Blueprint: Advancing Health Security by Ensuring Strong Exchanges

The Patient Protection and Affordable Care Act has been the topic of heated political debate since becoming the law of the land almost one year ago. As right-wing calls for repeal continue to make headlines, many positive and popular provisions of the law are already benefiting families across the nation. Working-class and middle- class families have seen their health security increased by provisions that rein in insurance industry abuses and expand coverage, making it less likely that they will lose their savings due to an illness or injury, or be unable to afford needed treatments.

But as the curtain draws on the first year of the life of the Affordable Care Act, what happens in the second year at the state level may prove to be even more critical to its ultimate fate.

In 2011, the shape of the most prominent piece of the law -- and the health security and economic security of American families for decades to come -- will be decided in statehouses across the nation. This legislative session, states have a once-in-a-generation opportunity to put consumer protections and stronger access to affordable health care coverage in the hands of their residents.

Under the health law enacted in March 2010, states are tasked with setting up health care "exchanges," or marketplaces that will create new incentives for the health insurance industry to deliver quality care at lower prices. Exchanges will require insurance companies to spend more of consumers’ premium dollars on actually providing health care -- instead of bloated administrative overhead and egregious compensation for CEOs.

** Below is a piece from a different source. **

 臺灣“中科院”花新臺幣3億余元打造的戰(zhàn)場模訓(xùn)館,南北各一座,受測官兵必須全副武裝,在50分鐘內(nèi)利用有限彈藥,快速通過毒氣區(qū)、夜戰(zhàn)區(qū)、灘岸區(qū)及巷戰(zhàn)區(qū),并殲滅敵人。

As part of our 2011 Blueprint for Economic Security, Progressive States Network has compiled an overview of how to Enact a Progressive State Exchange this session, including a focus on key legislative elements of a strong exchange such as determining the Governance of the health exchange and creating a Board Structure that will ensure a strong governing body, as well as a set of Next Steps for creating a strong exchange.

Under the timeline set out in the Affordable Care Act, state exchanges are scheduled to begin operating in 2014 -- but every state legislature must act this session to pass a strong version of an exchange in their state if they do not want the federal government to run their exchange. By implementing a strong exchange, states can allow the uninsured, self-employed and small businesses to shop for insurance in a competitive marketplace, giving consumers greater control and power through information and choice.

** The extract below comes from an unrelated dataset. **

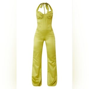 This elegant jumpsuit from PrettyLittleThing showcases a structured corset-style bodice with thin halter straps, offering a sleek and modern silhouette. The wide-leg pants in a vibrant green hue add a touch of sophistication, while the glossy satin-like fabric enhances its luxurious appeal.

While conservatives remain focused at the federal level on judicial and legislative attempts to overturn or repeal the law, at the state level they have largely been focused on implementing the same law they want to see overthrown. But as the right attempts to shape weak exchanges that protect the insurance industry while gutting the consumer protection and affordability provisions of the law, progressives can counter with proposals to build strong exchanges that protect the health security of everyday families.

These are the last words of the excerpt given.